Для специалистов в сфере международных литературных связей, студентов гуманитарных факультетов университетов и широкого круга лиц, интересующихся данными проблемами.
В формате PDF A4 сохранён издательский дизайн.
Скотт подводил читателя к мнению о том, что крестовые походы дорого обошлись Европе. Огромные суммы взимались с населения на снаряжение рыцарей. В Англии Ричард I даже ввел так называемую саладинову десятину. Тысячи жизней, громадные средства были принесены в жертву химерической цели. При том Скотт подчеркнул явный спад религиозного пыла накануне Третьего крестового похода. Однако церковь хорошо контролировала подготовку походов, сурово карая любые выступления против них. Иными словами, Скотт в «Обрученной» явно проводил идею о том, что в крестовых походах – истоки святой инквизиции, в последующие века столь сурово боровшейся с любой «ересью». Эта мысль уже присутствовала в «Истории упадка и разрушения Римской империи» Гиббона. В целом легенда о бескорыстии крестоносцев, будто бы движимых единым религиозным порывом, не нашла отражения на страницах романов Скотта.

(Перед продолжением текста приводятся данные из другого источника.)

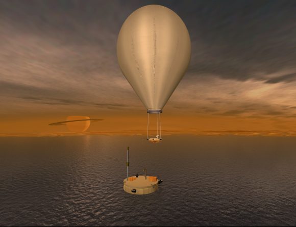 Artist’s concept of a Mongolfiere balloon and a deployable lander at Titan. Credit: NASA

Сторонник исторического развития без революционных потрясений [10, с. 236], Скотт был убежден, что общественное событие диктуется политической необходимостью. В этом смысле он развивал традиции, восходящие к английской пресвитерианской мысли. Еще Томас Фуллер, капеллан Стюартов, в «Истории священной войны» (1639) писал, что война за Гроб Господень по своим целям «явилась самой политической войной из всех, которые когда-либо знал мир» (цит. по: [13, р. 177]). Походы сопровождались истреблением мирного иноверческого населения. Хронисты поведали об этих страшных фактах, в том числе о жестоком отношении к сарацинам Ричарда Львиное Сердце. Однако в «Талисмане» читатель не найдет рассказов, порочащих Ричарда I.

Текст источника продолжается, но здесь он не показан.